## What you need to do
Every line from the one holding "Wool felt backing, stitched" through the one holding "Dashing raids, boarding, a" in the data below must be returned exactly, both ends included, with pictures left out and nothing else added.

## Listed entries
—————
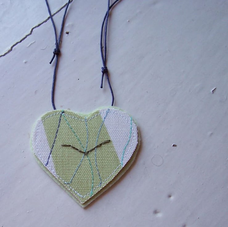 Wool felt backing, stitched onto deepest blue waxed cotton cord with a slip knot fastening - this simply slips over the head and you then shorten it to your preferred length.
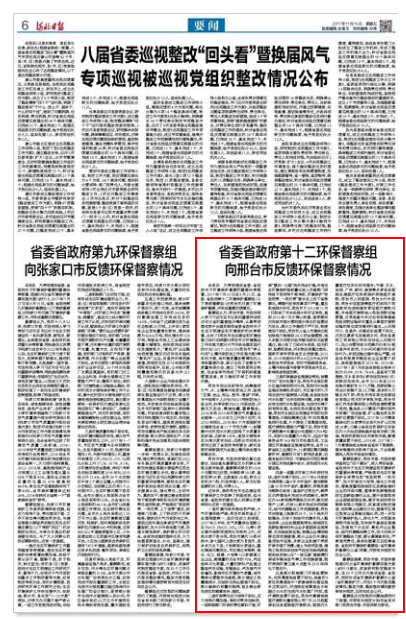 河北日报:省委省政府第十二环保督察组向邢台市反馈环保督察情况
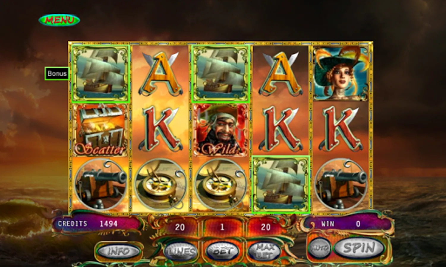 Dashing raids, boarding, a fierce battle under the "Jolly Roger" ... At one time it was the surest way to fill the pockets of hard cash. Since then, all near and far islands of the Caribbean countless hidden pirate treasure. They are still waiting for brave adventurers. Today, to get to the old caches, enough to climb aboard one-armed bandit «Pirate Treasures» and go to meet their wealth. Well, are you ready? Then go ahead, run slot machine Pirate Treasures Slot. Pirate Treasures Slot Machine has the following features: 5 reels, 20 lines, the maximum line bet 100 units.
—————
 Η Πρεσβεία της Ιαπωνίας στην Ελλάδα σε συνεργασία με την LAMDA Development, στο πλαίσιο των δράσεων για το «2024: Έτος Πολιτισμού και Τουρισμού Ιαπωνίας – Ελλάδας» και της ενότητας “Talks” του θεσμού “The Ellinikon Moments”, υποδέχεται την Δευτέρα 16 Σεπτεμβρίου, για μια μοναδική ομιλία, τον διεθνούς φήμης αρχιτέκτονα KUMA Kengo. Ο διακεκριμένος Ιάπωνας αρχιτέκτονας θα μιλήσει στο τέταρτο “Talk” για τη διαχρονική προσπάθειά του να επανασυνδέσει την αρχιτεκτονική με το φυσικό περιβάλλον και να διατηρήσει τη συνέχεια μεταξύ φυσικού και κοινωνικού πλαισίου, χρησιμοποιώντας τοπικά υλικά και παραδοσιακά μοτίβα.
—————
## Solution below
 Wool felt backing, stitched onto deepest blue waxed cotton cord with a slip knot fastening - this simply slips over the head and you then shorten it to your preferred length.
 河北日报:省委省政府第十二环保督察组向邢台市反馈环保督察情况
 Dashing raids, boarding, a fierce battle under the "Jolly Roger" ... At one time it was the surest way to fill the pockets of hard cash. Since then, all near and far islands of the Caribbean countless hidden pirate treasure. They are still waiting for brave adventurers. Today, to get to the old caches, enough to climb aboard one-armed bandit «Pirate Treasures» and go to meet their wealth. Well, are you ready? Then go ahead, run slot machine Pirate Treasures Slot. Pirate Treasures Slot Machine has the following features: 5 reels, 20 lines, the maximum line bet 100 units.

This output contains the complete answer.